Former Dewey finance director Francis Canellas—a cooperating witness in the case—has been a central figure in both trials. During redirect examination on Monday, Manhattan assistant district attorney Peirce Moser again showed jurors emails related to accounting adjustments between 2008 and 2012 that Canellas previously said were inappropriate. Those adjustments were intended to help the firm avoid defaulting on revolving loans worth about $100 million, according to Canellas.
Canellas earlier told jurors he had discussed those improper adjustments with Sanders and that the firm failed to disclose them to its potential investors and financial auditors. On Monday, Moser asked Canellas whether he knew those accounting adjustments were wrong at the time they were made.
“They were the wrong accounting treatment,” said Canellas. “I knew that then.”
Moser also referred back to Canellas’ testimony under cross-examination by DiCarmine’s lawyer, Rita Glavin of Seward & Kissel, during which he said he had never explicitly discussed accounting adjustments with DiCarmine. On Monday, Moser asked Canellas to explain why he never had those specific discussions with DiCarmine.
“Because I thought he knew,” Canellas responded.
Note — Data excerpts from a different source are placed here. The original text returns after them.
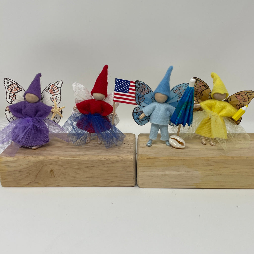 Flutter through each year celebrating the magic of each season with our Calendar Fairies. These magical little fairies are the perfect pocket plaything for dollhouses, fairy gardens, or holiday table. Each is a one-of-a-kind original. Each fairy is dressed according to the month's celebrations. Historically they are a best seller!
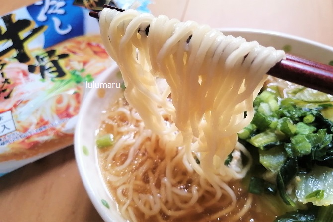 前に食べた【青竹打ち風ちぢれ麺 佐野ラーメン】の麺を細くしたような感じ。あの麺は佐野ラーメンというよりも新吉の特徴のある麺だったということなのかなと思いました。
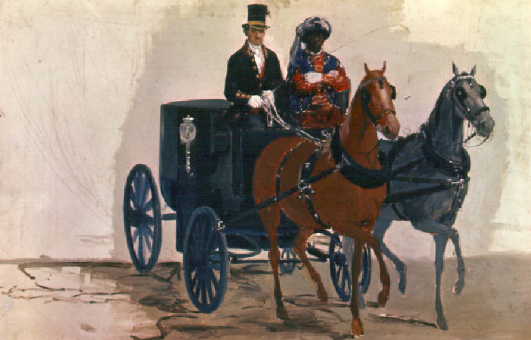 Una carrozza con tiro a due cavalli avanza da sinistra, a cassetta stanno seduti un cocchiere in serpa affiancato da un uomo di colore in abiti arabi.
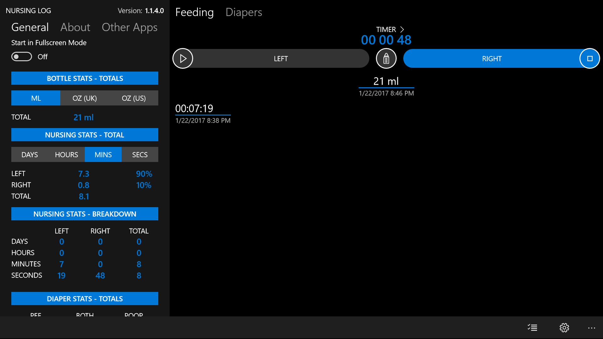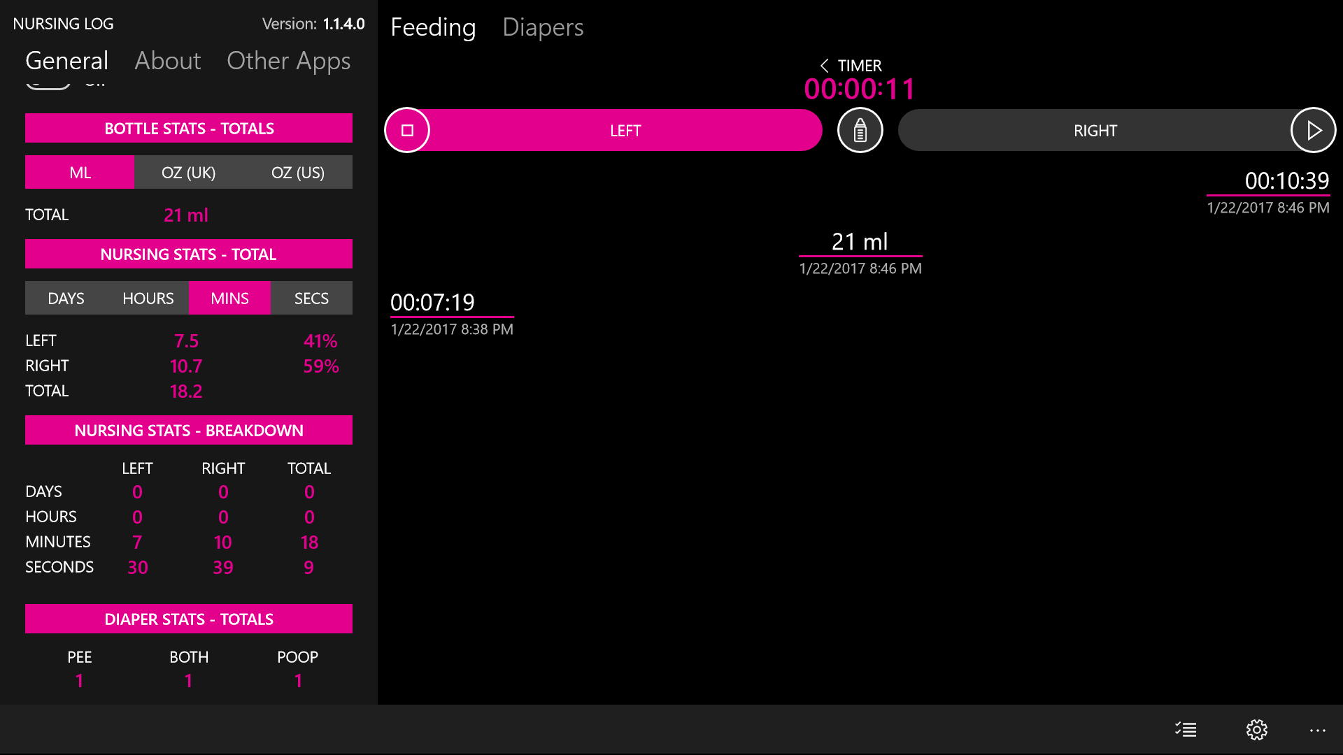 Nursing Log is an app to help track which side you last used to feed your baby or pump for later. You can also track how much your child drinks from a bottle and how many times your child has dirtied their diaper.
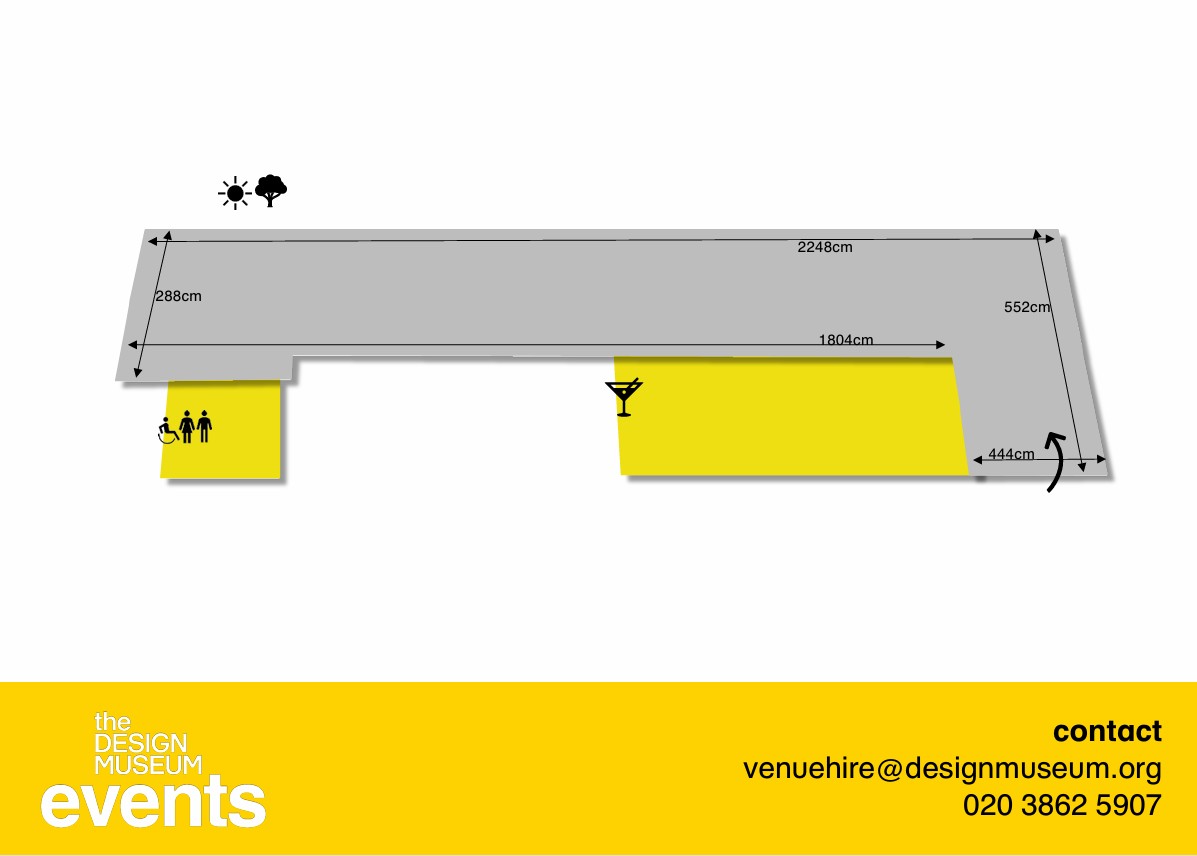 The Chumsri and Luqman Lounge is located on the top floor of the Museum and offers stunning views across Holland Park. The room features a fixed pewter bar, Vitra designed furniture and displays 38 Philip Sayer portraits of designers. Capacities: Dining 32 Standing 45 Theatre 34 Classroom/Boardroom 34 Hire Fee: Daytime 08:30-17:30 £3,000 +VAT Evening 18:30-22:00 £4,000 +VAT Full Day 08:30-22:00 £6,000 +VAT Currently offering 20% off venue hire for bookings before 31st March 2026. Get in touch with the events team to find out more.
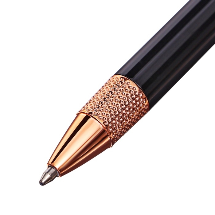 Ручка подарочная шариковая в кожзам футляре поворотная Стиль корпус черный/медь

Also on Monday, Glavin, joined by Sanders’ lead defense lawyer Andrew Frisch, filed a motion with Acting Manhattan Supreme Court Justice Robert Stolz to dismiss all charges against the defendants. They argued that prosecutors in the case had refrained from taking notes in more than 100 meetings with witnesses since 2014, including cooperators such as Canellas.
“The prosecution’s practice of ‘no notes’ in witness meetings since 2014 and its refusal—or perhaps more accurately, its inability—to provide the defense any information about these undocumented meetings runs roughshod over the defendants’ federal and state constitutional rights to due process, fundamental fairness and confrontation,” the brief stated.
The defense lawyers argued that even if Stolz doesn’t dismiss the indictments, he should at least require the prosecution to provide a list of meetings with witnesses and some basic information about them, such as who attended and how long they were. They also asked Stolz to issue an instruction to the jury indicating that, if prosecutors had taken notes and provided them to the defense, “it likely would have contained information favorable to the defense.”
Glavin had previously raised the issue of the prosecution’s purported “pens down, no notes” policy during Canellas’ March 16 testimony. On Monday, Stolz said he would reserve his decision on the motion, and Moser told the judge he hadn’t yet decided whether his office would respond in writing.
The initial trial in the case ended with a deadlocked jury. Since then, prosecutors have narrowed the case and agreed to a deferred prosecution agreement with former Dewey managing partner Steven Davis, who was a defendant along with Sanders and DiCarmine in the first trial. The remaining defendants face charges of scheme to defraud, securities fraud and conspiracy.